Will core decomposition get a maximal clique?

Question

I have read David Eppstein's paper about maximal clique enumeration by using degeneracy order. It has mentioned the core decomposition, which is removing the vertex with the smallest degree iteratively.

And I pick up with a theorem:
If we remove the vertex with the smallest degree iteratively until the smallest degree is |S|-1, where S is the remaining graph, is S a maximal clique?

example graph:

In this graph, we will delete vertex a whose degree is the smallest one ( deg(a)=2 ), and then delete vertex f. And we will get the 4-maximal clique {b,c,d,e}.

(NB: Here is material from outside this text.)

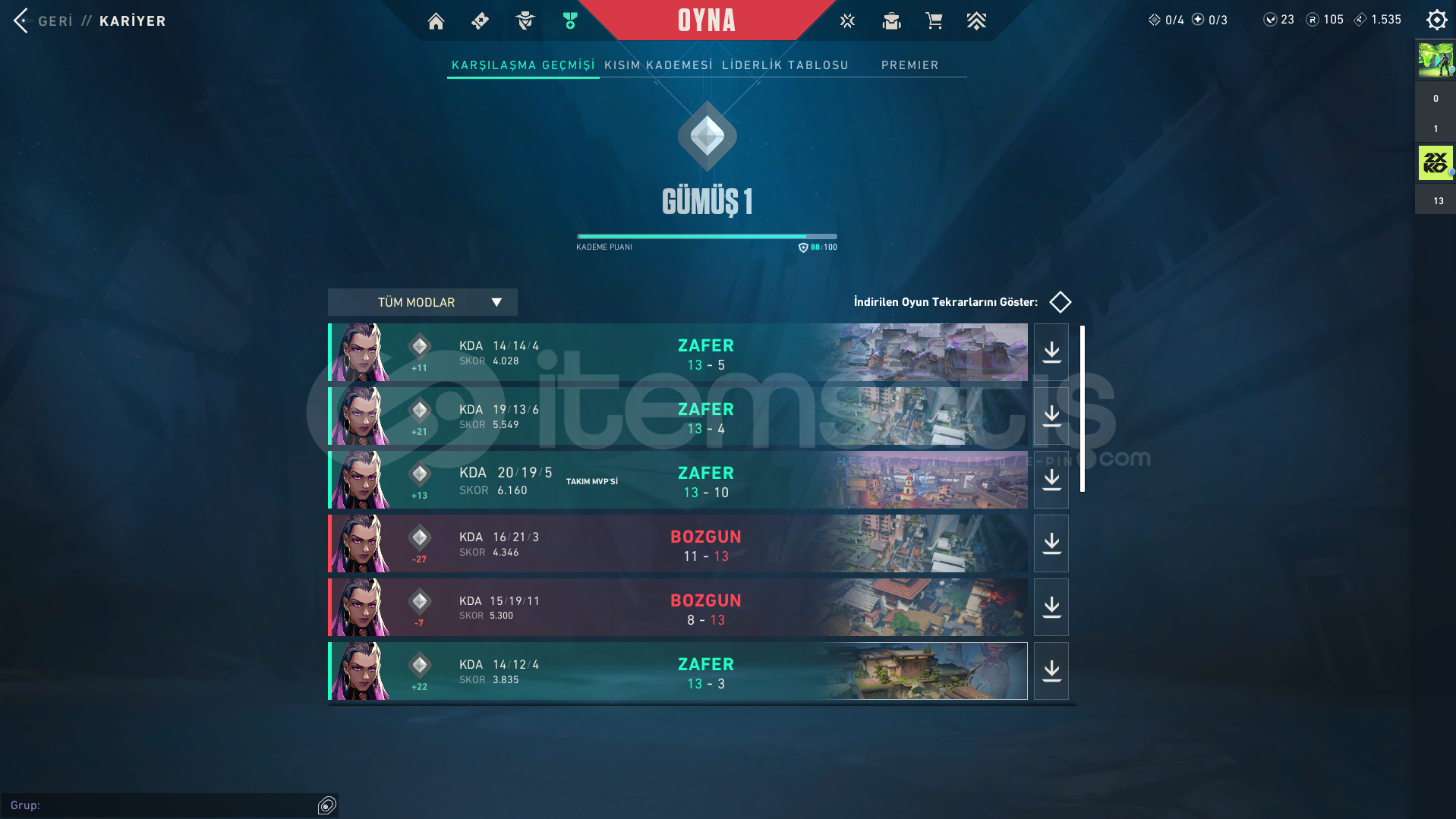 Ürün Hakkında Bilgi;İLANI SATIN ALDIĞINIZDA 7/24 OTOMATİK OLARAK TESLİM EDİLİR.RANK - GÜMÜŞ 1HESAP SEVİYESİ - 34SKİN SAYISI - 1VP SAYISI - 23+ 100.000 BAŞARILI İŞLEM İLE GÜVENLE ALIŞVERİŞ YAPABİLİRSİNİZ

I cannot prove this theorem but I also can't find a counterexample. Is there anyone can help me figure out this theorem right or wrong?

PS:

Clique is a subgraph whose every vertex is adjacent to each other. And maximal clique is a clique that cannot be contained by another clique, it means the maximal one cannot be extended.

I can prove the remaining graph that above algorithm produced is not a maximum clique which is the largest one in the graph, but I can't prove this graph whether is a maximal clique.

Also notice that when the vertex v is removed from the graph, all it's neighbors' degree will decrease one.

Answer 1

No. The illustration shows a graph (the graph of a cube with one corner truncated) and a valid removal sequence such that the vertices left at the point when the minimum degree equals $|S|-1$ (the two red vertices) do not form a maximal clique.

In this example, some other valid removal orderings could still produce a maximal clique. Probably there are more elaborate versions of this example that force the remaining clique to be non-maximal for all valid removal orderings.